Şeyh Safiyuddin şu ifadelerde bulundu: ‘Al-i Suud'u rüsva etmek dini, ahlaki ve milli bir görevdir. Al-i Suud’un oğulları bölgedeki tüm ülkelerde faaliyet gösteriyor.

Sesler yükseltilmeli ve Al-i Suud'a bu bölgedeki uluslara ve ülkelere hükmetmeyi, onları yok etmeyi ve taciz etmeyi bırakması söylenmelidir.

Yemen'de 23 bin sivil öldü, bir milyondan fazla kişi yaralandı ve biz mazlumları savunmaktan bahsettiğimizde Suudi Arabistan'ın işlerine karışma diyorlar.

 

Suudi Arabistan, Arap ve İslam milletlerine baskı yapmaktan vazgeçmelidir. Hatta eğer Karun'un sahibi olsa bile Firavun gibi davranamaz.

Suudi Arabistan, milletimiz, Müslüman Ümmeti ve Filistin davası Suudi Arabistan’ın ABD'ye verdiği paradan nasıl etkilendi?

Bu zamana kadar sesini yükseltenlere, Suudi Arabistan'ın milletimize hükmetmeyi bırakmasını, müdahalesine ve tehditlerine son vermesini söylüyoruz. Bunlar bariz müdahalelerdir. Suudi Arabistan'ın Lübnanlılar arasında ihtilaf çıkarmaya hakkı yoktur.’

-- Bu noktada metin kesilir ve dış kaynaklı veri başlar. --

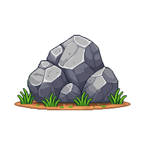 A rock is a large, hard natural object found on the ground, often used in parks for decoration or as part of the natural landscape.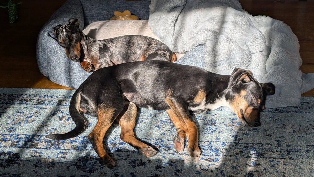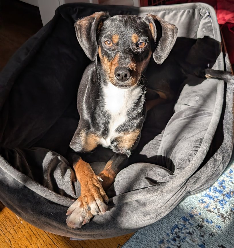 Energy level: Medium. She loves to run around and play. She plays with toys by herself, loves to hoard them, and must be supervised because she tries to eat them! She is also good at napping in the sun or in her bed.

Direnişin şimdiki sloganı, Lübnan'ın bağımsızlığı ve özgürlüğüdür

Şeyh Safiyuddin Arabistan’a hitap ederek şunları söyledi: ‘Para için Lübnan'daki, bölgedeki ve dünyadaki ülkelere, partilere ve taraflara itibarsızlaştırma mantığıyla davranırsanız, biz burada Lübnan'da onur ehliyiz ve sizin efendilerinize boyun eğdirdik.

ABD'ye, Suudi Arabistan'a ve Lübnan'daki civcivlerine şunu söylüyoruz: Siz bu direnişin gücünü tanımadınız, zira bu direniş, Lübnan'ı herhangi bir dışa bağımlılık olmaksızın bağımsız ve özgür bir toprak haline getirebilir ve şu anki aşamamızın sloganı budur.’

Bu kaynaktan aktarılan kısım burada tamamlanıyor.